ローカルかグローバルか、それが問題だ(2012年4月9日〜4月13日号)

地方行政

【4月9日号】 グローバル社会の今、ビジネスを持続・成功させるには「ローカル、グローバル」のいずれかに徹する戦略が不可欠です。どちらでもない中途半端なビジネスは、必ず淘汰される運命にあります。したがって「ローカル、グローバル」のいずれかに徹底できるまで、補助金や規制を使い「期間を明確に限って保護」しながらビジネスを育成する選択肢も必要になります。しかし、補助金や規制の多くは「半永久的な既得権」化していて、ビジネスの育成が進まず雇用や地域経済に深刻な影響を及ぼしています。(中略)補助金や規制などの保護は、そもそも「育成するまでの暫定的な措置」である原点に回帰して、育成すべき分野と期間を明確に定めるとよいでしょう。そして、各事業者は「ローカル、グローバル」のいずれかに徹するべきです。国や自治体はグローバル事業者とローカル事業者の「双方を分けて育成する発想とシステム」を持つ必要があります。具体的に言えば、国はグローバル事業者の育成に専念して、ローカル事業者の育成は自治体に任せます。自治体は各地域の特性に応じて、ローカル事業者を育成します。このシステムは、まさに地方自治(地方分権)の発想そのものです。(月曜連載「施策や施設をつくる前に『顧客を創る』地域再生」より)

【4月12日号】 地域の在来種は今でこそ注目を浴びているが、1960年代以降、次々と地域から消えていった。
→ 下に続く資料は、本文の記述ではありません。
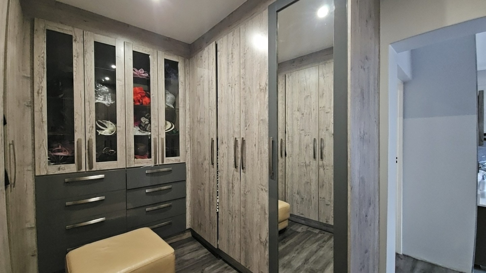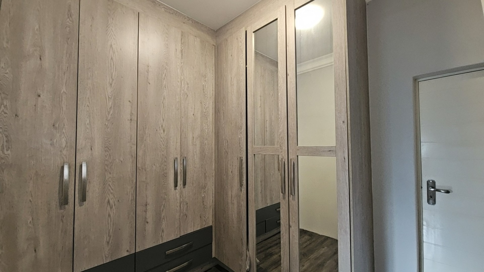 Bedroom 4 Laminated Floors, Built-in Cupboards, King bed, En-suite, Balcony
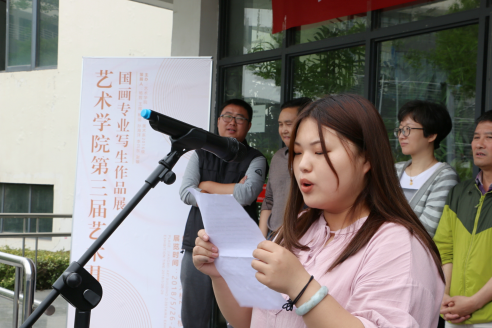 员工代表陆爽同学汇报了写生感受。她说到,本次写生在老师的精心指导下,同学们有效将临摹与写生相结合,速记与慢笔相结合,客观与主观相结合,用心去领悟山水、用情去感染自我,极大锻炼了我们的造型能力、观察能力和对笔墨的表现能力。使我们明白只有走进自然,才能深入的领悟自然,搜尽奇峰也好,手捉造化也好,对生活美的体验就在这样的感受中日复一日地增长着。
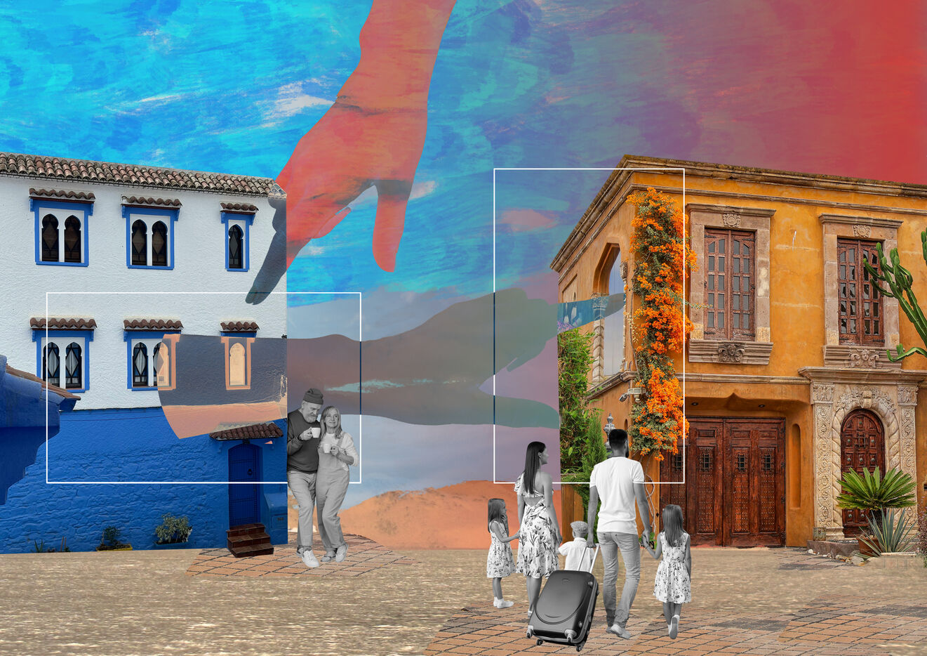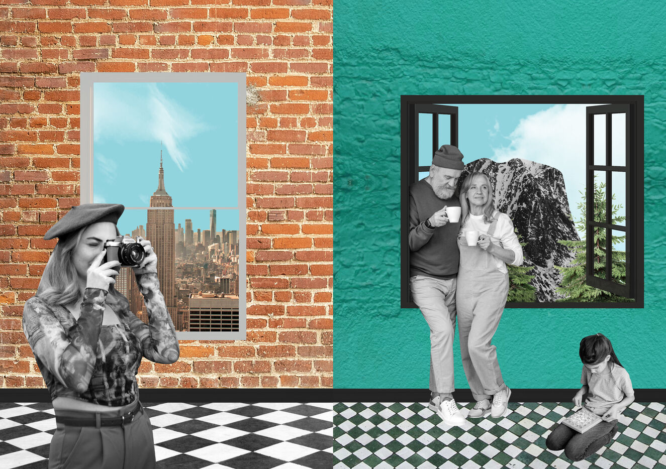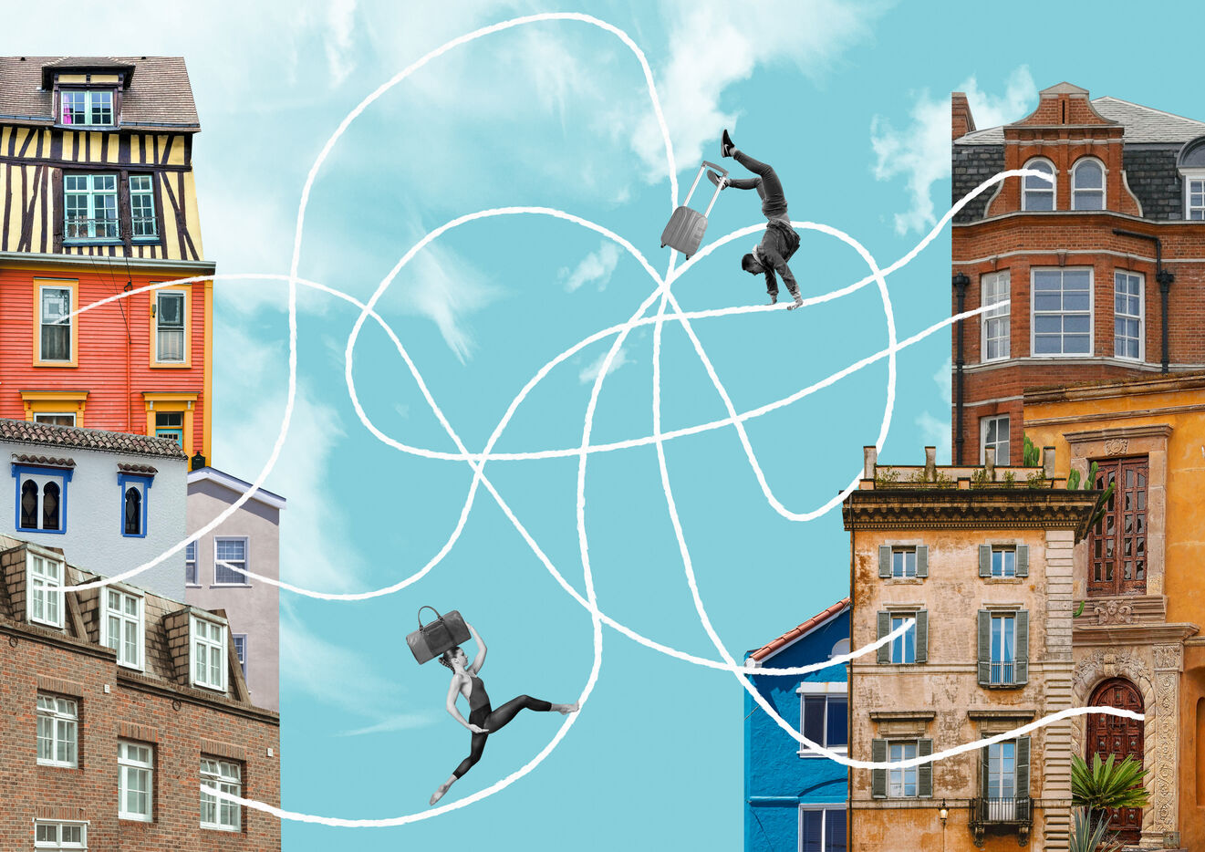 Série de collages sur le thématique des touristes qui échangent leurs maisons pour les vacances à travers le monde
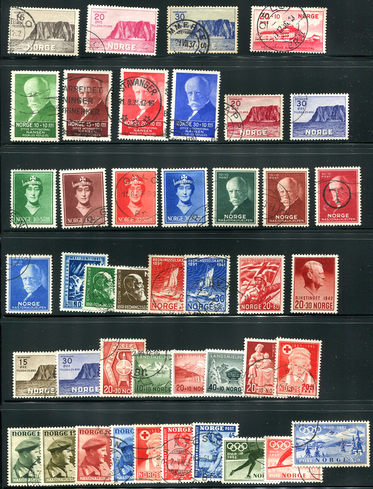 Norwegian "back of the book" used selection, strong in semi-postals (which are much harder to find used than mint), including a good range of "North Cape" designs (#B3) and the Norwegian foreign legion fundraiser (#B24). There is a quartet of airmails and a complete basic set of postage dues with an extra shade of the 10 ore (#J3a). Excellent condition and a few have very nice cancels. 2024 Scott US$666.30 =
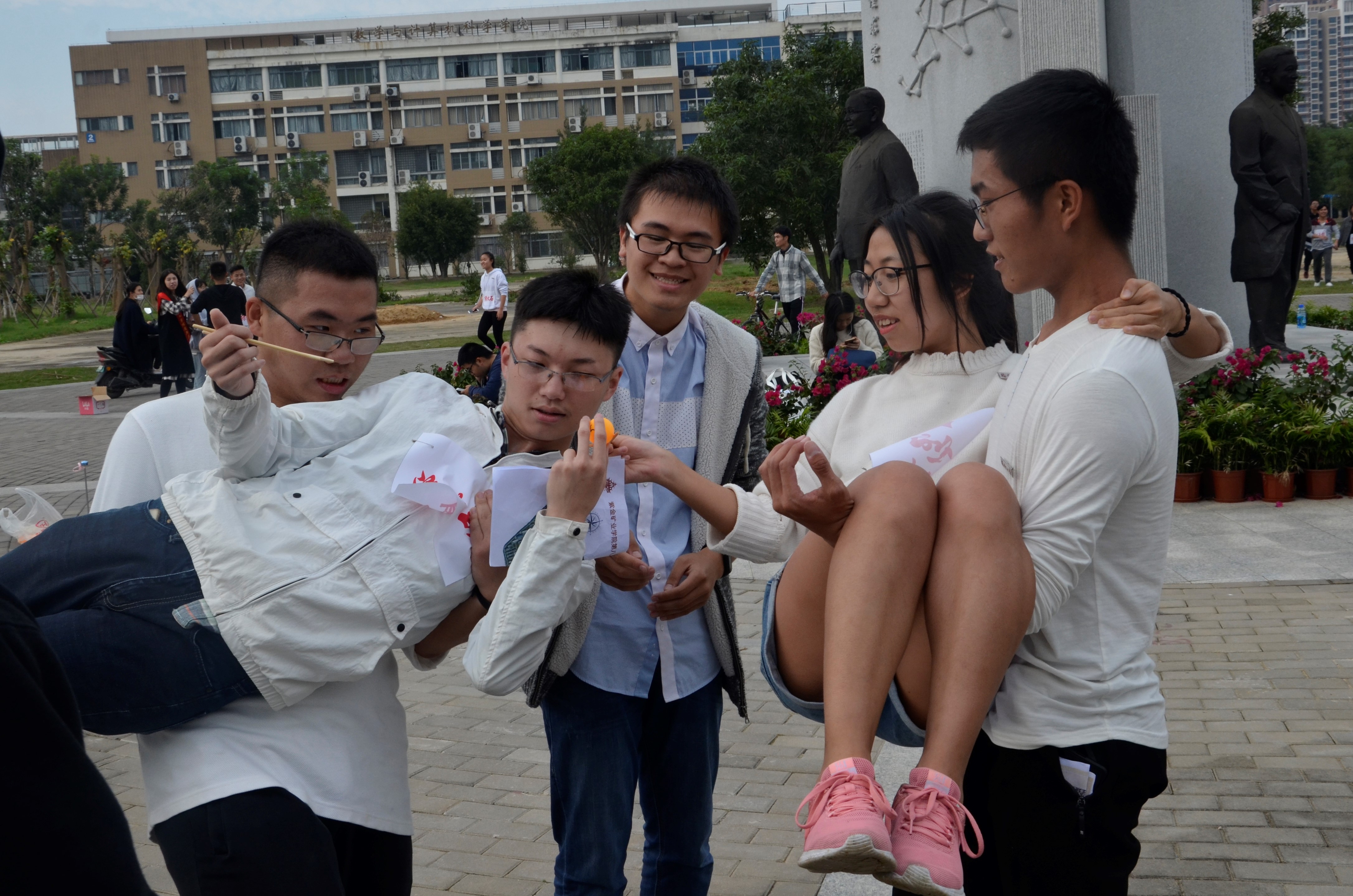 主持人介绍本次大赛的规则以及相关事项,随后李金土老师宣布比赛开幕。随着比赛号令发起,11支参赛队伍从起跑线出发。本次比赛要求各队根据地图和GPS定位仪寻找相应坐标点,并通过搜集到的任务卡前往指定地点参与运动项目及趣味游戏,完成活动所定路线后根据比赛时长及完成度确定比赛结果。经过两个小时的比拼,最终“胡克绿”队荣获一等奖,“方硼石”队和“碧玺”队活动二等奖,“钻石”、“绿松石”和“海蓝宝石”队获得三等奖。
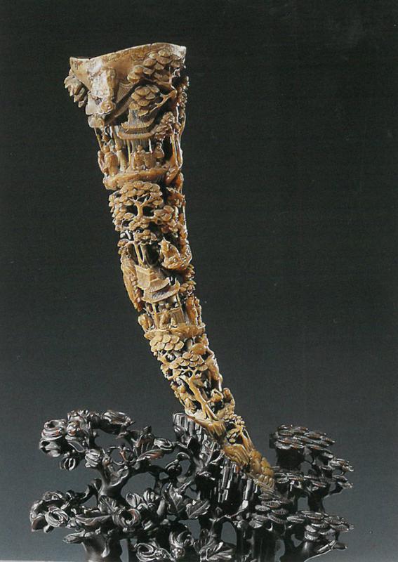 我國考古發掘,歷年只有鹿、牛、羊等角製品出土,迄今未發現古犀角器;明、清的傳世珍品極罕,所雕山水、木石、人物、花鳥等,縝密細膩,刻工精湛,纖瑣悉備,刀法遊刃自如;有些富自然情趣,宛如天成。歷來所見,以故宮博物院收藏最豐,次為上海博物館。明、清名家如鮑天成、尤侃、尤通、信孚和方弘等,大多擅長透雕和浮雕犀角杯(作乘槎形者為「吳中絕技」),以飲器名於世;但絕少像象牙雕,以原隻犀角雕成構圖複雜的山石、樹木、亭台和人物。像附圖,為清代名家所雕原隻犀角器,層層疊疊,松木、人物與小亭呼之欲出,雕工細巧若縷。自己雖然生性喜愛「大璞不斫」,但也不禁佩服作者的雕技卓絕。
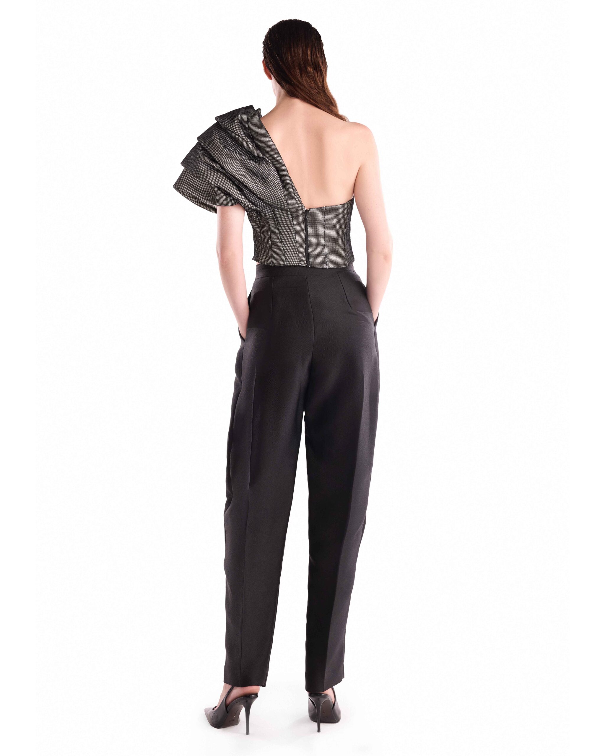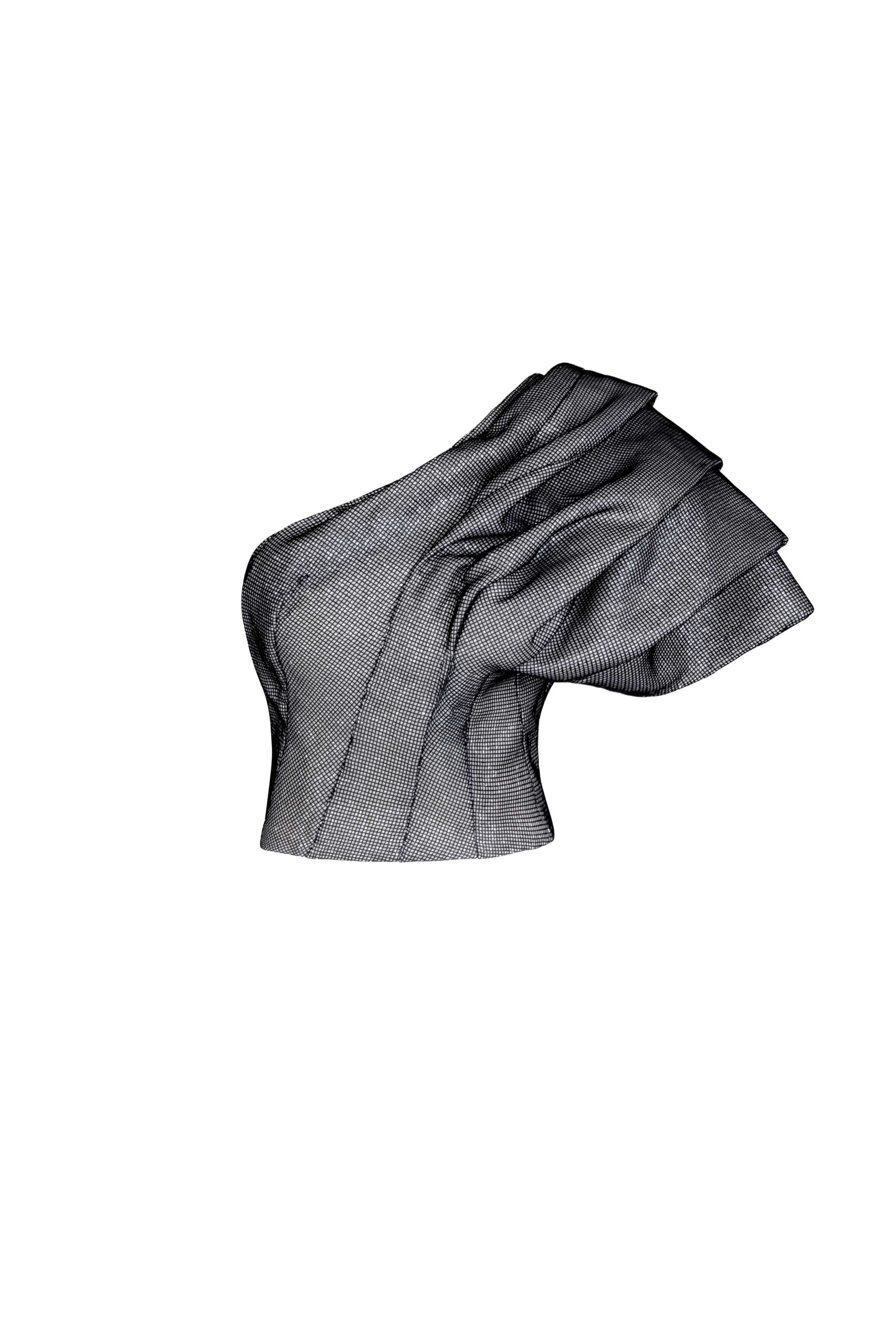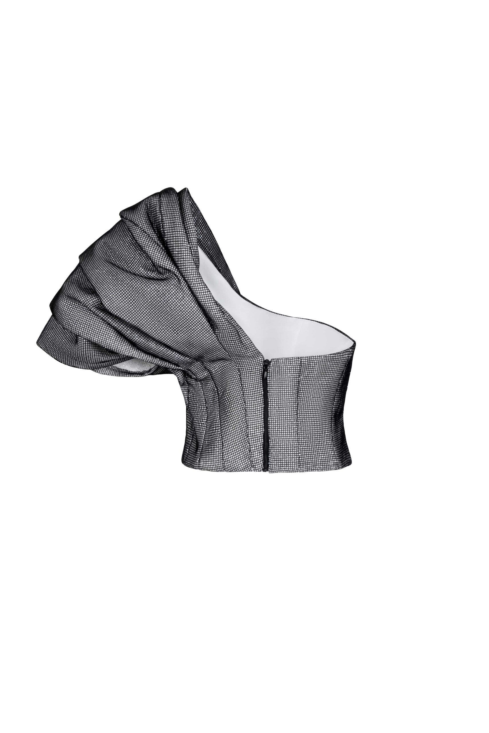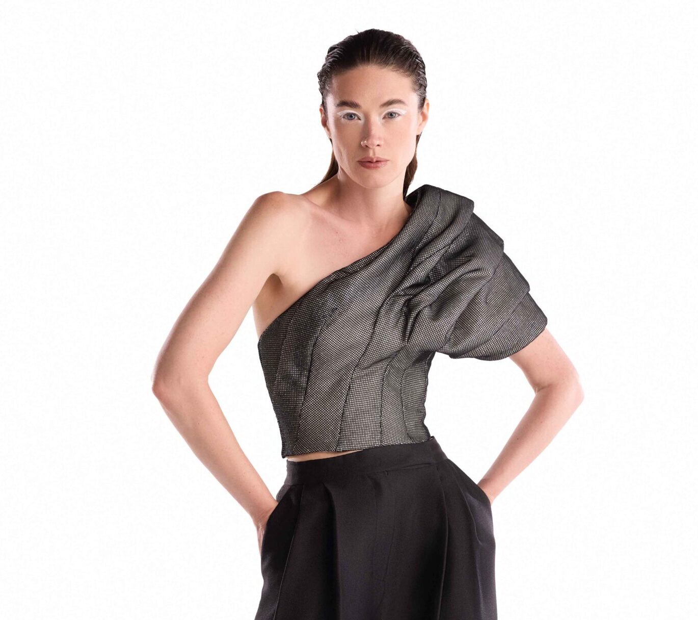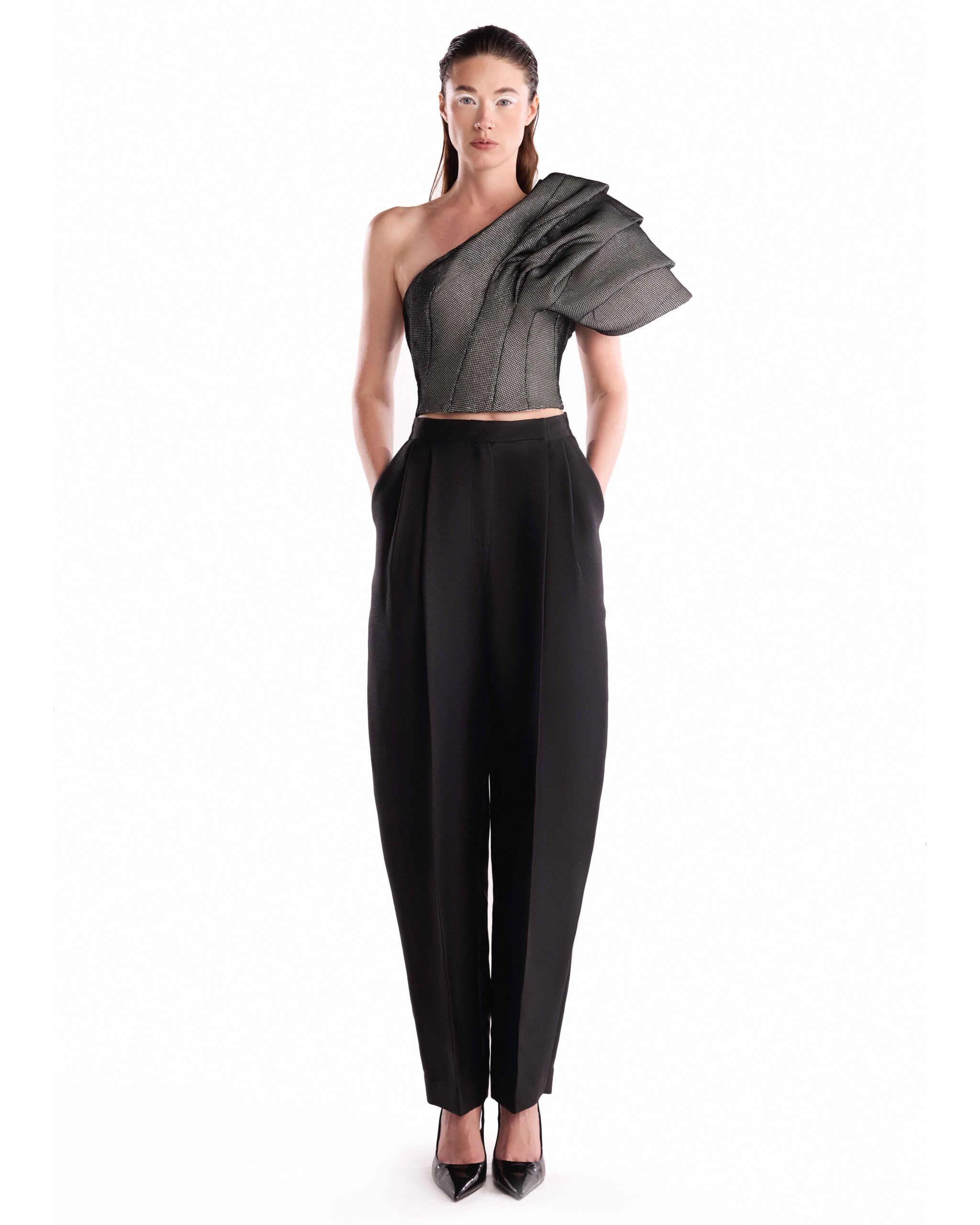 One-shoulder metallic jersey top featuring sculptural shoulder layering and a sleek, fitted silhouette.

流通が大型化し、中央市場に出荷されて大手スーパーや量販店で販売されるようになると、在来種に代わる新たな品種が栽培されるようになったからだ。大手スーパーなどでは、日持ちがよく、病気に強く、形がそろい、大量に収穫でき、何より遠隔地の流通に向くものが喜ばれた。(中略)一方で、どこでも画一的な野菜が販売されるため、地域性や季節性が薄れ、味も単一化してしまう。こうした野菜を使うと、どこでだれがいつ料理しても同じような味になるということでもある。これに対し、在来種は一度にたくさん栽培できないし、日持ちもしない。病気に弱いものも少なくない。それでも、かつては地域内流通がほとんどだったことから、大量に栽培する必要がなく、在来種があればそれでよかった。しかし、流通の大型化に伴いだんだん栽培されなくなり、中には絶滅したものもある。(木曜連載「地域力と地域創造」より)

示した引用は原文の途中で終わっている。